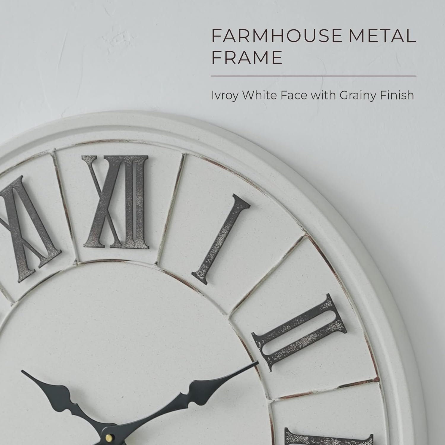 Large Farmhouse Wall Clock – 24 inch, Rustic White, Distressed Roman Numeral, Metal Face, Battery Operated, Modern Farmhouse Decorative Wall Clock for Living Room Decor
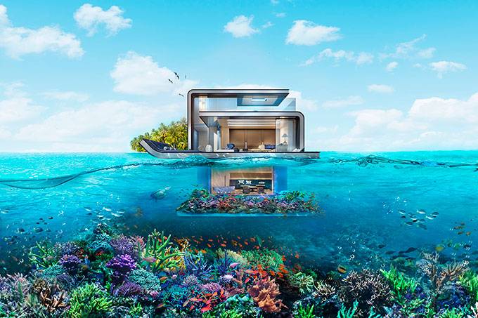Esse é o destemido projeto do Kleindienst Group, empresa de infraestrutura e engenharia dos Emirados Árabes, que está construindo um condomínio de casas subaquáticas em um conjunto de ilhas em Dubai.
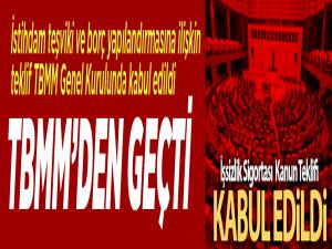 İşsizlik Sigortası Kanunu ile Bazı Kanunlarda Değişiklik Yapılması Hakkında Kanun Teklifi TBMM Genel Kurulu'nda kabul edildi. Teklifle, vergi borçları yapılandırılarak 18 taksitle ödenebilecek. Gelir Vergisi, Kurumlar Vergisi, Katma Değer Vergisi (KDV), Motorlu Taşıtlar Vergisi (MTV), Özel Tüketim Vergisi (ÖTV), tüm idari para cezaları, KYK borçları, Hazine alacaklarını kapsayan vergi borçları yapılandırılabilecek.
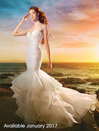 愛麗兒禮服超貼身S型剪裁很考驗身材,大腿處開始延伸散開的魚尾設計,走路時飄動的效果就如同真的尾鰭一樣浪漫。而且這套設計也不是一般常見款式,相信會正中許多喜愛獨特風格的女孩心。
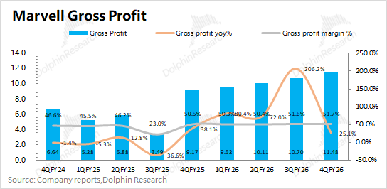 Marvell Technology achieved a gross profit of $1.15 billion in Q4 FY2026, up $80 million sequentially. The gross margin for the quarter was 51.7%.

**Exercise description:** Give a verbatim transcription of the entries, leaving out the pictures.

**Result:**
 Large Farmhouse Wall Clock – 24 inch, Rustic White, Distressed Roman Numeral, Metal Face, Battery Operated, Modern Farmhouse Decorative Wall Clock for Living Room Decor
Esse é o destemido projeto do Kleindienst Group, empresa de infraestrutura e engenharia dos Emirados Árabes, que está construindo um condomínio de casas subaquáticas em um conjunto de ilhas em Dubai.
 İşsizlik Sigortası Kanunu ile Bazı Kanunlarda Değişiklik Yapılması Hakkında Kanun Teklifi TBMM Genel Kurulu'nda kabul edildi. Teklifle, vergi borçları yapılandırılarak 18 taksitle ödenebilecek. Gelir Vergisi, Kurumlar Vergisi, Katma Değer Vergisi (KDV), Motorlu Taşıtlar Vergisi (MTV), Özel Tüketim Vergisi (ÖTV), tüm idari para cezaları, KYK borçları, Hazine alacaklarını kapsayan vergi borçları yapılandırılabilecek.
 愛麗兒禮服超貼身S型剪裁很考驗身材,大腿處開始延伸散開的魚尾設計,走路時飄動的效果就如同真的尾鰭一樣浪漫。而且這套設計也不是一般常見款式,相信會正中許多喜愛獨特風格的女孩心。
 Marvell Technology achieved a gross profit of $1.15 billion in Q4 FY2026, up $80 million sequentially. The gross margin for the quarter was 51.7%.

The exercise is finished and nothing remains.